Evolution of yeast variation during continuous manufacturing processes

Experimental Plan and Methods
The project will test the hypotheses that; (i) high-yield production drives diversification and selection in yeast cultures, and (ii) natural yeast diversity could be exploitable to address this problem.
The specific objectives are:
How rapidly do product-yields decline during continuous yeast culture? (Months 1-9). The project will focus on Saccharomyces cerevisiae, with which we have extensive experience and resources. The student will study key products of interest (e.g. albumin, amylases, VLP vaccines), corroborating key findings with other recombinant products. Product measurement in this objective will be at the bulk population level. Yeasts will be analysed from batch-flask and fermenter culture.
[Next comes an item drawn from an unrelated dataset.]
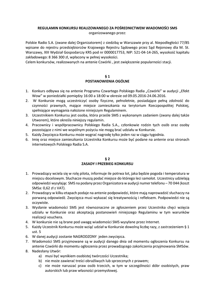 REGULAMIN KONKURSU REALIZOWANEGO ZA POŚREDNICTWEM WIADOMOŚCI SMS organizowanego przez: Polskie Radio S.A. (zwane dalej Organizatorem) z siedzibą w Warszawie przy al. Niepodległości 77/85 wpisane do rejestru przedsiębiorców Krajowego Rejestru Sądowego przez Sąd Rejonowy dla M. St. Warszawy, XIII Wydział Gospodarczy KRS pod nr 0000017753, NIP: 521-04-14-265, wysokość kapitału zakładowego: 8 366 300 zł, wpłacony w pełnej wysokości. Celem konkursów, realizowanych na antenie Czwórki , jest zwiększenie popularności stacji. §1 POSTANOWIENIA OGÓLNE 1. Konkurs odbywa się na antenie Programu Czwartego Polskiego Radia „Czwórki” w audycji „Efekt Wow” w poniedziałki pomiędzy 16:00 a 18:00 w okresie od 09.05.2016-24.06.2016. 2. W Konkursie mogą uczestniczyć osoby fizyczne, pełnoletnie, posiadające pełną zdolność do czynności prawnych, mające miejsce zamieszkania na terytorium Rzeczpospolitej Polskiej, spełniające wymagania nałożone niniejszym Regulaminem. 3. Uczestnikiem Konkursu jest osoba, która prześle SMS z wykonanym zadaniem (zwany dalej także Utworem), które określa niniejszy regulamin. 4. Pracownicy i współpracownicy Polskiego Radia S.A., członkowie rodzin tych osób oraz osoby pozostające z nimi we wspólnym pożyciu nie mogą brać udziału w Konkursie. 5. Każdy Zwycięzca Konkursu może wygrać nagrodę tylko jeden raz w ciągu tygodnia. 6. Imię oraz miejsce zamieszkania Uczestnika Konkursu może być podane na antenie oraz stronach internetowych Polskiego Radia S.A. §2 ZASADY I PRZEBIEG KONKURSU 1. Prowadzący wciela się w rolę pilota, informuje ile potrwa lot, jaka będzie pogoda i temperatura w miejscu docelowym. Słuchacze muszą podać miejsce do którego leci samolot. Uczestnicy udzielają odpowiedzi wysyłając SMS na podany przez Organizatora w audycji numer telefonu – 70 044 (koszt SMSa: 0,62 zł z VAT). 2. Prowadzący w kilku etapach podaje na antenie podpowiedzi, które mają naprowadzić słuchaczy na porwaną odpowiedź. Zwycięzca musi wykazać się kreatywnością i refleksem. Podpowiedzi nie są oczywiste. 3. Wysłanie wiadomości SMS jest równoznaczne ze zgłoszeniem przez Uczestnika chęci wzięcia udziału w Konkursie oraz akceptacją postanowień niniejszego Regulaminu w tym warunków realizacji vouchera. 4. W konkursie nie są brane pod uwagę wiadomości SMS wysyłane przez Internet. 5. Każdy Uczestnik Konkursu może wziąć udział w Konkursie dowolną liczbę razy, z zastrzeżeniem § 1 ust. 5 6. W danej audycji zostanie NAGRODZONY jeden zwycięzca. 7. Wiadomości SMS przyjmowane są w audycji danego dnia od momentu ogłoszenia Konkursu na antenie Czwórki do momentu ogłoszenia przez prowadzącego zakończenia przyjmowania SMSów. 8. Nadesłany Utwór: a) musi być wynikiem osobistej twórczości Uczestnika; b) nie może zawierać treści obraźliwych lub sprzecznych z prawem; c) nie może naruszać praw osób trzecich, w tym w szczególności dóbr osobistych, praw autorskich lub praw własności przemysłowej. 9. Zwycięzcami Konkursu w danej audycji jest osoba/osoby, których tekst (wykonanie zadania) został najwyżej oceniony przez Jury Konkursu, powołane przez Organizatora. Dokonując oceny Jury weźmie pod uwagę oryginalność, pomysłowość, wartość artystyczną tekstu. §3 NAGRODY 1. Nagrodą w konkursie jest 7 voucherów do wykorzystania na symulatorze samolotu pasażerskiego GearUP! znajdującym się w Poznaniu, ul. Kwiatowa 2. Jeden voucher dla danego zwycięzcy. 2. Jeden voucher upoważnia laureata do 30-minutowego lotu. 3. Vouchery zachowują ważność do 30.11.2016 r. 4. Cena jednostkowa vouchera wynosi 349,- złotych brutto 5. Nagrody nie podlegają wymianie na ekwiwalent pieniężny lub rzeczowy. 6. Zwycięzcy udostępnią Organizatorowi swoje dokładne dane, które posłużą do przekazania nagrody w terminie 30 dni od momentu wygrania. 7. Nagrody nie są objęte podatkiem od wygranej. §4 DANE OSOBOWE 1. Administratorem danych osobowych przetwarzanych w związku z realizacją Konkursu jest Organizator. 2. Dane osobowe przekazane Organizatorowi przez Uczestników Konkursu będą przetwarzane przez Organizatora wyłącznie w celu realizacji Konkursu i doręczenia nagród. Podanie danych osobowych jest dobrowolne, jednak ich niepodanie uniemożliwia otrzymanie nagrody w Konkursie. Każdy Uczestnik Konkursu posiada prawo wglądu do swoich danych osobowych, do ich poprawiania oraz żądania ich usunięcia. Dane osobowe będą przetwarzane zgodnie z przepisami ustawy z dnia 29 sierpnia 1997 r. o ochronie danych osobowych (Dz. U. 2014.1182 j.t.z późn. zm.) na co każdy Uczestnik Konkursu wyraża zgodę. §5 PRAWA AUTORSKIE 1. Uczestnik Konkursu oświadcza, że Utwór zgłoszony do Konkursu został stworzony samodzielnie przez Uczestnika i jest wolny od praw i roszczeń osób trzecich, w tym dotyczących praw autorskich i pokrewnych oraz że ponosi wobec Organizatora odpowiedzialność z tego tytułu, zwalniając go z wszelkich roszczeń osób trzecich. 2. Z chwilą wysłania Utworu do Konkursu Uczestnik udziela bez wynagrodzenia nieograniczonej czasowo i terytorialnie niewyłącznej licencji do korzystania z Utworu (licencja w zakresie autorskich praw majątkowych i praw pokrewnych) na następujących polach eksploatacji: a) utrwalanie i zwielokrotnianie (w tym wprowadzenie do pamięci komputera) Utworu dowolną techniką, b) publiczne udostępnienie Utworu w taki sposób, aby każdy mógł mieć do niego dostęp w miejscu i czasie przez siebie wybranym, c) publiczne wystawianie Utworu, d) nadawanie i remitowanie w całości lub w dowolnie wybranych fragmentach za pomocą fonii przewodowej lub bezprzewodowej ,przez stacje naziemne za pośrednictwem satelity, w sieciach kablowych , telekomunikacyjnych lub innych systemach przekazu 3. Uczestnik upoważnia Organizatora do udostępnienia Utworu anonimowo oraz do decydowania o jego pierwszym udostępnieniu. §6 REKLAMACJE 1. Wszelkie r

Is altered product-yield due to novel genotypes and/or novel phenotypic variants (i.e. nongenotypic heterogeneity, NGH) within cultures? (Months 10-20). Production by individual cells within populations will be compared by analysis of fluoro-tagged product with time-lapse microscopy and image-streaming flow cytometry. The student will use our microfluidics capability (CellASIC) for single-cell and NGH studies, with options for fermentation scale-up. Individual cells showing low or high production will be FACS-sorted and assayed for heritability of the production phenotype, to indicate genotypic or non-genotypic bases.
Can alternative yeast genetic-backgrounds or manipulation of NGH be harnessed to stabilise production over time? (Months 21-36). The supervisors have complementary expertise in genotypic and phenotypic heterogeneity. Using their available reagents, the student will select or refine natural strain backgrounds or NGH constructs (with results from Obj 2 steering a focus on genotypic or phenotypic heterogeneity, respectively) to develop novel production strains with decreased heterogeneity.